The Philadelphia Eagles' championship parade will start at the corner of Broad Street and Pattison Avenue on Thursday morning, weaving five miles north through the heart of downtown. Fourteen jumbotrons will be erected at the Philadelphia Museum of Art. Forty food trucks will set up along the route. There will be 850 portable toilets.
And it all comes with a significant price tag.
In the frenzy of a championship celebration, it's easy to forget about the necessary costs that make it all possible. Parade routes are cleared. Stages are built. Police officers, emergency medical technicians and other city staff are paid to provide support for the event. And afterward, there are crowds to thin, trash cans to empty and hundreds of pounds of confetti to sweep.
The entity that pays for a championship parade — taxpayers, the team, third parties or some combination therein — can vary and sometimes leads to prolonged negotiations.
A review by USA TODAY Sports of recent championship parades found that the costs of celebrations range from the low six-figures to nearly $3 million.

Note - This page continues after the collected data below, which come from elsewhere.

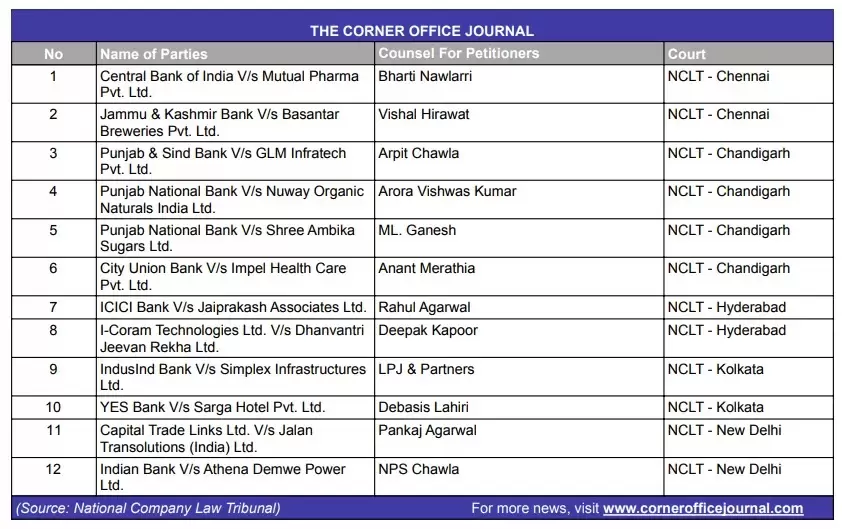 NCLT to hear cases related to Jaiprakash Associates, Simplex Infrastructures, Sarga Hotel and Nuway Organic Naturals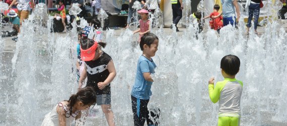 내륙지역을 중심으로 폭염특보가 내려진 18일 서울 광화문광장에서 어린이들이 물놀이를 하며 더위를 식히고 있다. 사진=김범석 기자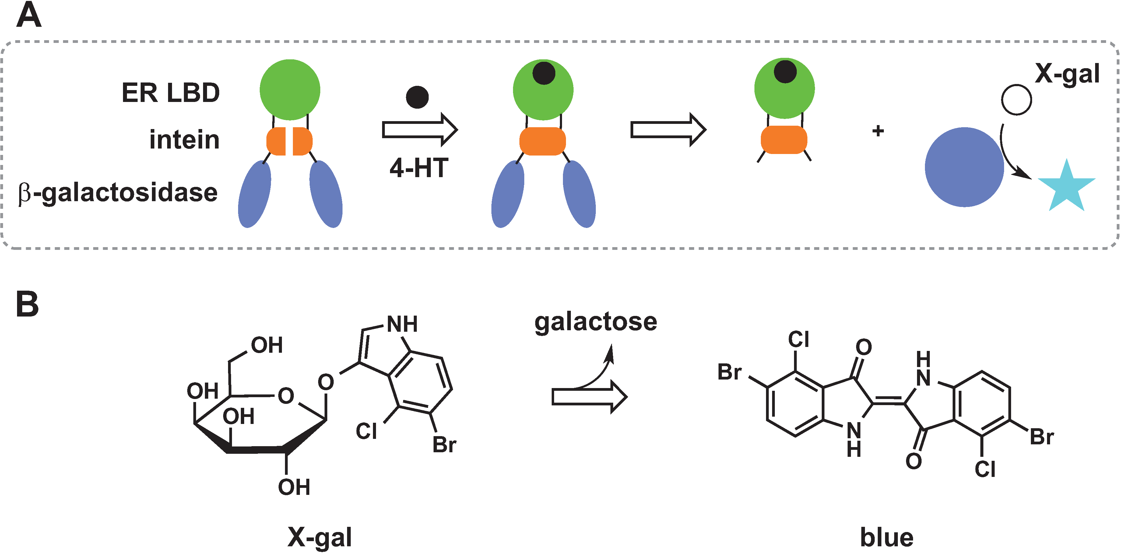 Sensor design based on protein splicing. Ligand binding domain (ER LBD), intein, and β-galactosidase enzyme are fused together so that binding of the ligand activates splicing of the enzyme (A), which then catalyses X-gal hydrolysis and formation of a blue product (B).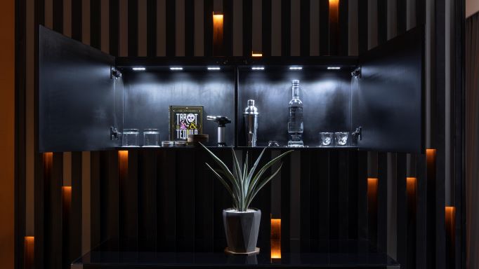 Estos espacios, ideados con el objetivo de generar experiencias memorables, cuentan además con elementos exclusivos y de fabricación nacional, entre los que se encuentran los escritorios y la decoración de los muros. Además ofrecen un Snack Bar con alimentos acordes a las bebidas que se ofrecen, un Hangover Kit para la recuperación de aquellos que disfrutan de toda una noche de fiesta y un Bar Setup con botellas, sales, shaker que despertarán la faceta de mixólogo de cualquier persona.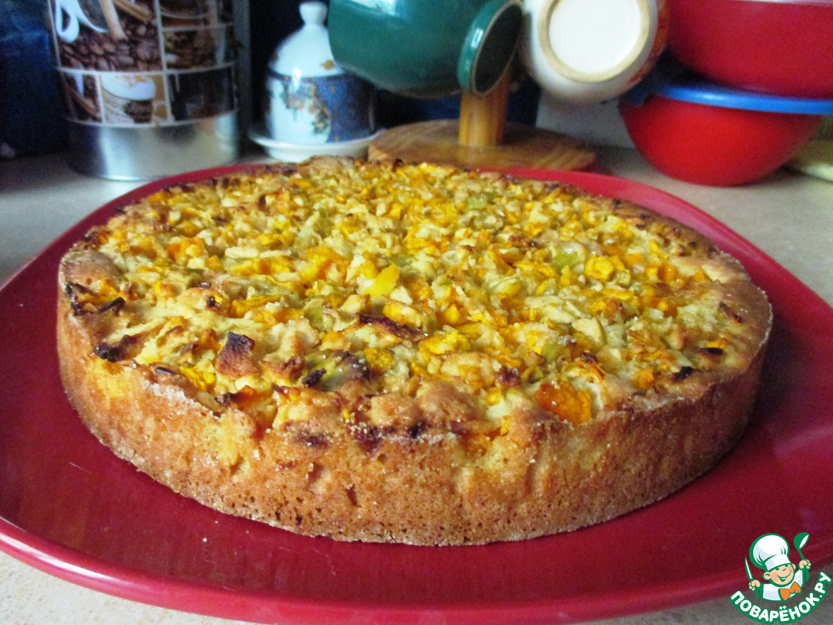 На противень d=28 см, выложите тесто, сверху - фруктово- овощную смесь, посыпьте сах. и корицей.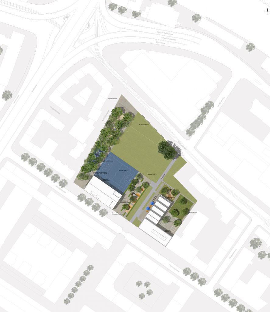 Die Umgebung des Schütze-Areals im Kreis 5 zeichnet sich durch bauliche Dichte, Nutzungsmischung und strassenbegleitende Gebäude aus, die klassische urbane Strassenräume bilden. Die neue Bebauung orientiert sich daran, ergänzt das Vorhandene und entwickelt es weiter. Dicht, kompakt und urban ist die Prämisse für die Transformation des Schütze-Areals. Ein haushälterischer Umgang mit Land spielt dabei eine ebenso wichtige Rolle wie eine städtebauliche Setzung in einer heterogenen urbanen Umgebung.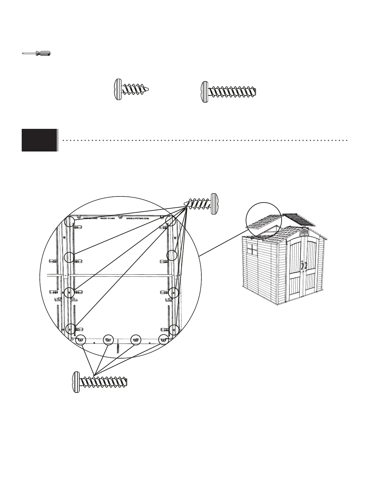 • Set a Roof Panel onto the Gable, Wall Panel, and Truss Assembly, and secure it with the hardware shown. Only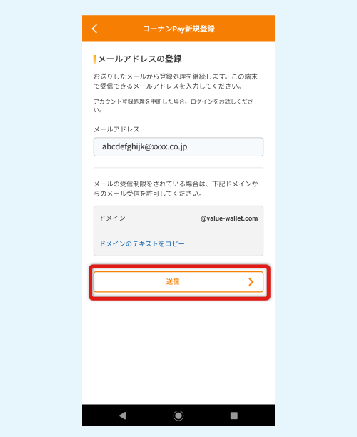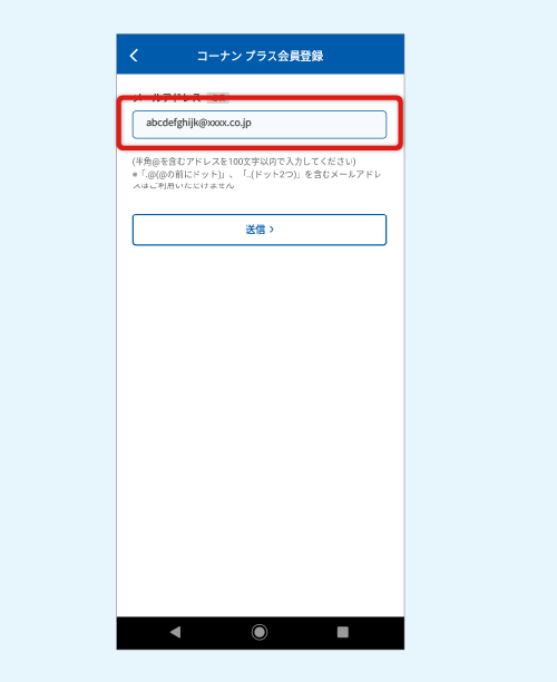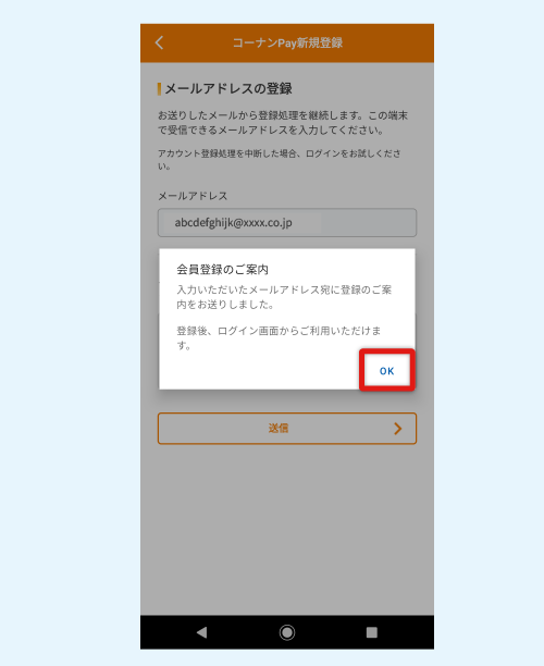 コーナンPay本登録用のリンクをメールでお送りしますので、メールアドレスをご入力の上、「送信」ボタンを押下してください。

"It’s likely that this has a really important, unexpected impact on (city) budgets," said Brad Humphreys, a professor of economics at West Virginia University. "You can’t plan for these things. It’s not like you can build into your city budget, 'Oh, we’re going to have the Super Bowl parade.'"
In at least one recent case, funding for a championship parade led to conflict between the title-winner and its city.
At the Golden State Warriors' championship parade last summer, owner Joe Lacob promised the cheering crowd that he would cover all the costs of the event, which team spokesperson Raymond Ridder told The East Bay Times were expected to be around $4 million. (Ridder later clarified that most of those costs did not involve government agencies.)
Three months later, the newspaper reported that the Warriors had received an invoice from the city of Oakland for more than $1 million and had not paid it, while Ridder said a final amount had not been agreed upon. Eventually, the Warriors said in a statement that they would pay $786,988, even though they claimed it was more than double the original estimate provided by the city.
"Most American cities cover the majority of the expenses associated with victory parades," Golden State said in the statement. "We have made this decision despite our disappointment with the process and the large disparity between the two estimates."
Oakland spokesperson Karen Boyd confirmed that the Warriors paid the amount in full. Ridder said in an e-mail that the organization spent about $3 million total on each of its championship parades in 2015 and 2017, including the $786,988 that was paid to the city last year. He said Oakland chipped in "minimal funds" for the 2015 parade.
All told, USA TODAY Sports contacted the 12 cities that have hosted at least one championship parade over the past four years and found that, in most cases, city governments — and, by extension, their taxpayers — do pay at least part of the bill.
Cleveland, for example, covered more than $608,000 in costs during the Cavaliers' celebration in 2016, city spokesperson Daniel Williams confirmed. The San Antonio Spurs' parade cost more than $433,000 two years earlier, though city spokesperson Thea Setterbo said more than $66,000 was funded by parking and concession revenues at the Alamodome.
"We've hosted multiple sports parades lately ... and consider the costs part of our regular course of business," Pittsburgh spokesperson Tim McNulty wrote in an e-mail when asked about the costs of the Penguins' championship parades in each of the past two years. "We close the streets and provide public safety protection. The teams provide the rest: vehicles, stage, sound, marching bands, etc."
However, in some cases the costs can be extreme. In 2016, the city of Chicago shelled out $2.99 million to ensure that Cubs fans were able to celebrate their team's first World Series title in 108 years, according to Molly Poppe, a spokesperson for the city's office of budget and management.
"This is no different than most sporting events across the country," Poppe told The Chicago Sun-Times, which first reported on the costs of the parade. "The teams and/or leagues do not typically pick up these costs."
Other cities have been able to cover at least some of the costs through third parties. Houston spokesperson Alan Bernstein said a group of sponsors covered "virtually all costs" of the Astros' parade in November, though the final numbers are still being tallied. The costs of parades in Denver in 2016 and Kansas City in 2015, meanwhile, both exceeded six figures but were mitigated by third parties.
Sponsors covered $300,000 of the $350,000 bill for the Royals' parade, according to a press release from the city, while the nonprofit entity "Visit Denver" covered 64% of the Broncos' bill ($109,000), city spokesperson Amber Miller confirmed.
Yet Humphreys said even moderate unexpected costs — like overtime pay for police, or sanitation workers — can have an effect.
"It adds up for cities that are cash-strapped," he said.
As for Thursday's parade, Ajeenah Amir, a spokesperson for Philadelphia mayor Jim Kenney's office, wrote in an e-mail to USA TODAY Sports on Tuesday that the city does not have an estimated price tag for the celebration, nor firm information about which costs the city will cover.
Kenney, however, said in a radio interview Monday that "we're paying for it."
And he's OK with that.
"After 50-some years? It's fine," Kenney said on WIP 94.1 FM. "We'll find the money."